Fund-Board Independence Comes With a Price

 

June 23, 2004, may go down in mutual fund history as Independence Day. That's when the Securities and Exchange Commission approved new regulations requiring mutual fund boards of trustees to become more independent from the fund companies behind the funds they oversee.

Fund investors should be careful about this and other regulatory initiatives: What was designed to help may hurt.

When the new regulations take effect, mutual fund boards will need an independent chairman -- a fund company executive will not be allowed at the helm. Additionally, the boards will have to be 75% independent. The rule was approved in a contentious 3-to-2 vote.

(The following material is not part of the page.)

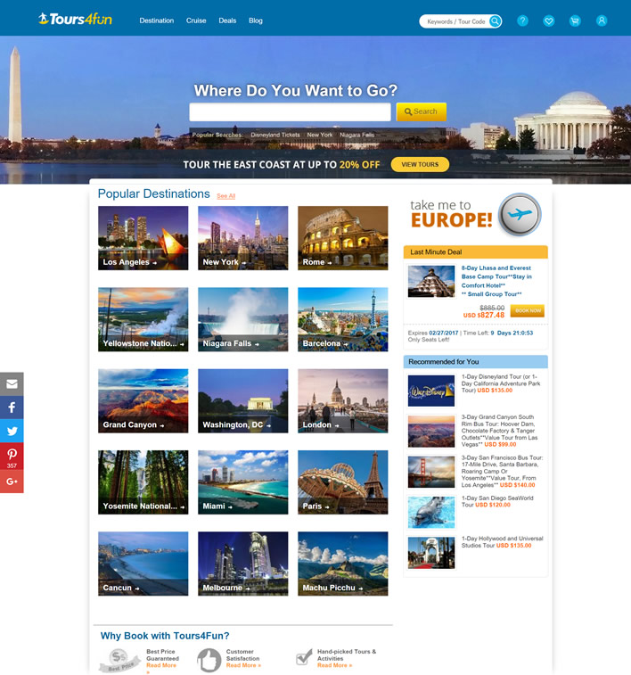 Tours4Fun成立于2006年,是一家正在蓬勃發(fā)展的線上旅行服務(wù)商,致力于提供最好的線上服務(wù)滿足您的旅行需求。我們的專(zhuān)業(yè)人員在全球范圍內(nèi)聯(lián)系值得信賴的當(dāng)?shù)毓?yīng)商來(lái)為您找到最佳且具性價(jià)比的旅行和活動(dòng)。由于我們極具戰(zhàn)略的合作,全球內(nèi)我們能提供超過(guò)85000家酒店的住宿折扣。滿足您旅途中的需要讓您可以全身心地享受旅途也是我們追求的一部分,現(xiàn)在我們的業(yè)務(wù)范圍已經(jīng)拓展到機(jī)場(chǎng)轉(zhuǎn)機(jī)服務(wù),停靠港旅行和旅行套餐等,保證低價(jià)和24/7的優(yōu)質(zhì)客戶服務(wù)。

All this regulatory hoopla is ostensibly to help stop fund companies from partaking in the sort of shenanigans that in recent years gave funds a bad name. How these and other proposed rules by the SEC, Congress and various state securities regulators will prevent the bending or breaking of existing rules once again is unclear, other than that these groups subscribe to the broad notion that reducing conflicts of interest is good by default, just like gobs of disclosure.

New regulations could mean that even more fund managers will depart to start low-regulation/high-fee investment products and drag formerly low-fee/high-regulation clients along for the (wild and expensive) ride.

Launching and operating a hedge fund costs about one-tenth as much as starting a mutual fund, largely because state and federal regulators can't shake down proprietors for information and fees (none of which prevented any of the fund company crimes against humanity of recent years -- they just enriched state coffers).

A hedge fund is like a mutual fund in that investor money is pooled and managed. Hedge funds are just private unregistered managed pools of money. Similarities quickly vanish, largely because of a huge regulatory gap.